Ангел с огненным мечом

Подрядился палачом:

Этих – в ад,

Этих – в рай,

Кого хочешь, выбирай!

На одного Вольтера – двадцать «вальтеров»,

На одного Рабле – полста рублей,

На "эго" сыщется полтыщи "альтеров",

Как и на Граббе – дюжина граблей.

Статистика, будь проклята навеки!

Ем халву,

Пишу главу,

Не намерен брать Москву,-

Господи, как мало надо,

Чтоб держаться на плаву!

Осенняя пора!

Очей очарованье!

Гляжу

На Фудзияму –

Какая красота!

Тропа скупа.

Щедра дорога.

Зато дорога – недотрога.

Топчите, ноги! –

Пройти немногим.

Рука сжимает горло

Отраженья:

Одно неосторожное

Движенье –

И в зеркале оскалится не-я…

Утром проснулся

Живой.

Разве не повод для счастья?

Пусть выпадает не часто –

Хватит с лихвой.

Толпа слепа,

Не зная полумер

В забвенье диком.

Но слеп был и Гомер

С Эдипом.

Воспой метро, пиит!

Людская суета

Рекой течет в стеклянные врата,

И грош цена метафорам твоим

Пред гением безумного крота.

И нынче, и вчера, и завтра

Страшнее зверя нет,

Чем кроль,

Вошедший в роль

Тираннозавра.

ХАЙЯМКИ

Величию души твоей,

Гиясаддин Абу-л-Фатх Омар Хайям ан-Нишапури

Прости, красавица, и не вини поэта,

Что он любовь твою подробно описал!

Пусть то, о чем писал, не испытал он сам –

Поверь, он мысленно присутствовал при этом!

Вы считаете, рок безнадежно суров?

Но ведь нет ничего ни в одном из миров,

что избегло бы участи мяса парного:

стать жарким в полыханьи вселенских костров!

Раздавалась во мраке судьбы похвальба:

"Ради шутки на трон вознесла я раба,

а впридачу к венцу наградила проказой!" –

и смеются над шуткой скелеты в гробах…

Этот череп – тюрьма для бродяги-ума.

Из углов насмехается пыльная тьма:

"Глянь в окно, неудачник, возьмись за решетку! –

не тебе суждена бытия кутерьма!.."

Нет мудрости в глупце?

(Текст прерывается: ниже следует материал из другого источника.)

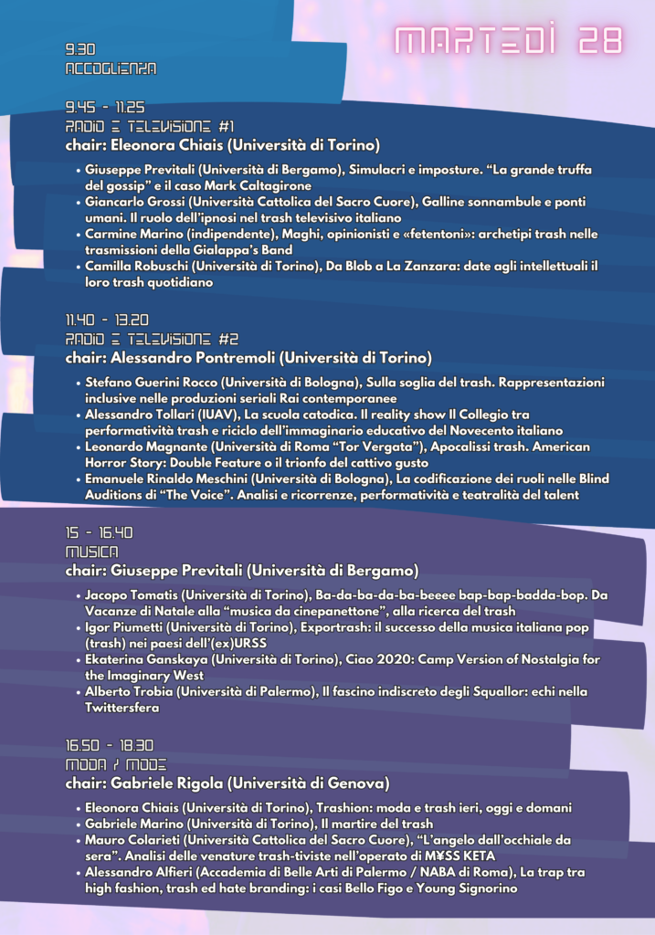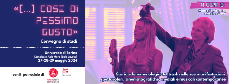 Da lunedì 27 maggio a mercoledì 29 maggio 2024 presso la Sala Lauree del Complesso Aldo Moro (via Verdi, 41- Torino), si svolge il convegno di studi «[…] cose di pessimo gusto». Storia e fenomenologia del trash nelle sue manifestazioni spettacolari, cinematografiche, mediali e musicali contemporanee a cura di Matteo Tamborrino e Andrea Zardi (Università di Torino).

И не ищи.

Начала нет в конце? И не ищи.

Те, кто искал, изрядно наследили,

А от тебя следов и не ищи…

В моих глазах – конец земного праха,

В моих глазах – судьбы топор и плаха,

И вновь пьянит украденная жизнь,

И манит терпкий дым чужого страха…

В мельканьи туч, в смятеньи страшных снов

Виденья рвали душу вновь и вновь,

И был наш день – запекшаяся рана,

И вечер был – пролившаяся кровь.

Когда-то был Аллах, и рай, и сатана,

И доброе вино… Но мчатся времена:

Аллаха больше нет, нет сатаны, нет рая,

И, что страшней всего – нет доброго вина!

Что за мир сотворил всемогущий Аллах!

Милосердье в сердцах, благолепье в делах!

Сколько добрых убийц и чудесных маньяков!

Сколько красочных дыб, эшафотов и плах!

Пускай на свадьбах плещется вино,

Оно для наших праздников дано!

Налейте жениху – ведь после свадьбы

Жена не даст напиться все равно!

О женщина, гордись законным мужем,

Корми его едой, храни от стужи –

Быть может, он не лучше остальных,

Но, может быть, он остальных не хуже?

Придет она – ты ей стихи, поэт, пиши,

Уйдет она – тогда тоску вином глуши,

Вот так и мне один остался в утешенье

Возлюбленной моей излюбленный кувшин

Весной тесна учащемуся парта,

И правоверные полны азарта,

Все в марте распускается вокруг…

О женщины, к чему пример брать с марта?!

Боясь жены, друзей, боясь людской молвы,

Боясь назвать кривой ствол дерева кривым,

Ты все равно кричишь, что ты – венец Вселенной.

Как жаль, что под венцом не видно головы!

Хайяма поддержать нам всем давно пора,

Что умный – это друг, а глупый – это враг.

Яд, мудрецом тебе предложенный, прими,

Но пить его не смей, коль сам ты не дурак!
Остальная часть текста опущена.